To Teach or Not to teach your own child??

Michelle Quinn said: Oct 17, 2011
Jackson, WY
1 posts

I have been teaching Suzuki violin for three years. I became certified in order to learn how to teach my young daughter who started at age 5 who is now 8. I now have a studio of 16 students and am still “trying” to teach my daughter, do daily practices and twice monthly group. So far this semester she has refused to attend group. I have struggled on a daily basis to work with her to practice, have involved my husband to help, and or the occasional babysitter. There are no other Suzuki teachers in my area or in my state. I am thinking about doing a weekly Skype lesson with a Master teacher in another state who is a personal friend in Suzuki. I would love to get some feedback from anyone who has instructed their child, who currently instructs their child, or any ideas to help.

Lori Bolt said: Oct 18, 2011
Lori Bolt
Suzuki Association Member
San Clemente, CA
226 posts

Michelle—I have been where you are with your daughter. I taught piano to our daughter, as well as home schooling her and our son. She and I worked together fairly well—not always on a good schedule—for probably 3-4 yrs. (about until age 9, she’s 21 now). I understand your challenges. We kind of hung in there, but she did stop after Book 2. I could have taken her to someone else nearby, but she was on to other interests and I had enough to deal with in home schooling her and brother. However, she is now a music major in college—so all was not lost! Through it all I remained an active Suzuki teacher.

I think the Skype idea may be worth a try in your case. Having your daughter be accountable to another teacher would take some of the pressure off you. View your time practicing with her as a unique chance to see what your violin parents experience in their practices—I gained a lot of insights and ideas which I could pass on. Try to evaluate why your daughter resists group lesson and practicing. Reread anything you have on the Suzuki triangle—but from the parent’s perspective, not the teacher’s. Have you thought of letting her choose a different instrument—maybe after she reaches an agreed upon level with voilin?

Maybe I should move to WY—I’m struggling to grow my studio here in CA!!
Good luck!

Lori Bolt

Ruth Brons said: Oct 19, 2011
Ruth Brons
Suzuki Association Member
Violin, Viola
Livingston, NJ
148 posts

I can definitely speak to this subject, having been both the daughter and the mother in this scenario. I am a Suzuki violin teacher who is the daughter of a Suzuki cello teacher, and also the mother of a Suzuki violin teacher.
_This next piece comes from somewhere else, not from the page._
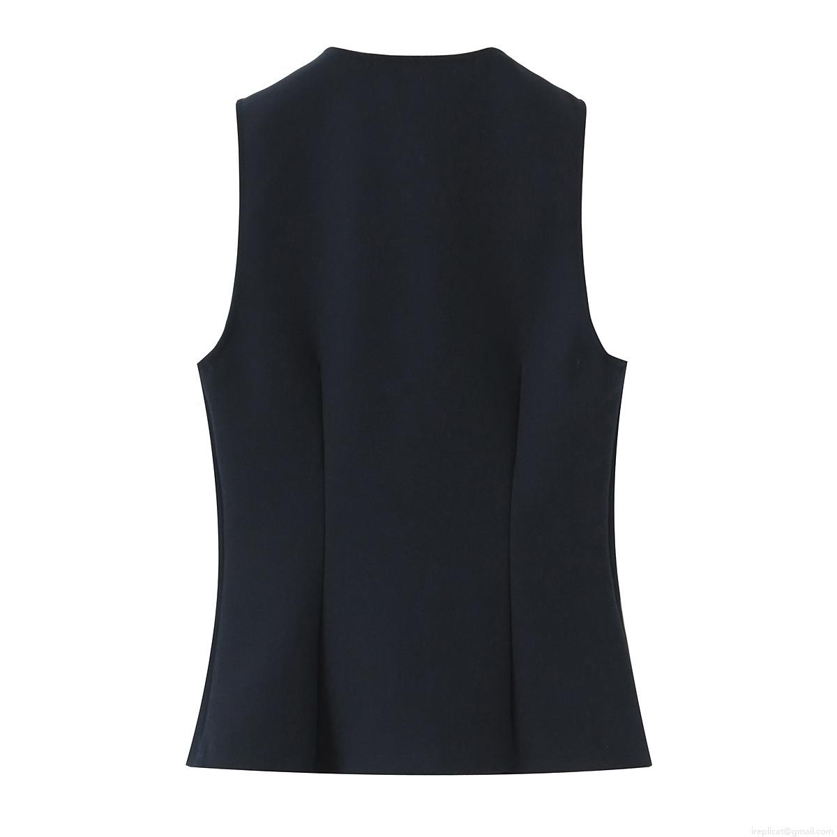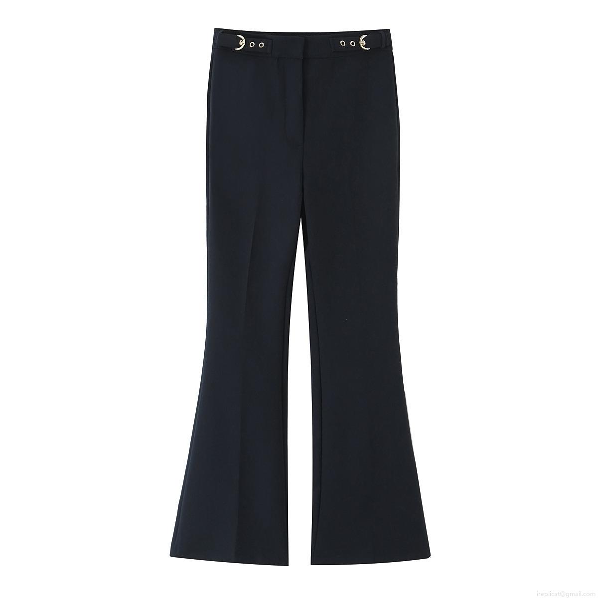• Women Fashion Two Piece Set Sleeveless V Neck Vest With Crescent Buckle High Waist Flare Pants Streetwear Solid Color Autumn Suit

Just by running a music studio you are indeed providing a rich musical environment.
Your child absolutely knows and understands music, as well as its value.
Hundreds, maybe thousands, of lessons/classes have been overheard and absorbed.

But, while the knowledge base is there,
actually taking a lesson/classes with you may very difficult because the relationship between the two of you is so much more complex than the typical student-teacher relationship.
Girls often emulate their mothers—which means your daughter may well rather skip right to being the teacher, rather than put the time in being the student.
There may be resentment that you spend all this time working with other children.
There may be frustration from either or both of you because it may be hard/impossible to achieve the courtesies/manners/efforts you both have seen occur in a typical lesson with your other students.

So, be assured that you are nurturing your daughter’s heart with music through the environment you are providing, and do what you can to leave the lesson part to a third party.
Try the SKYPE option, if it is your only or best bet, for private lessons.
And perhaps find opportunities for your daughter to be your valued helper, or teaching assistant, for the youngest members of your group class.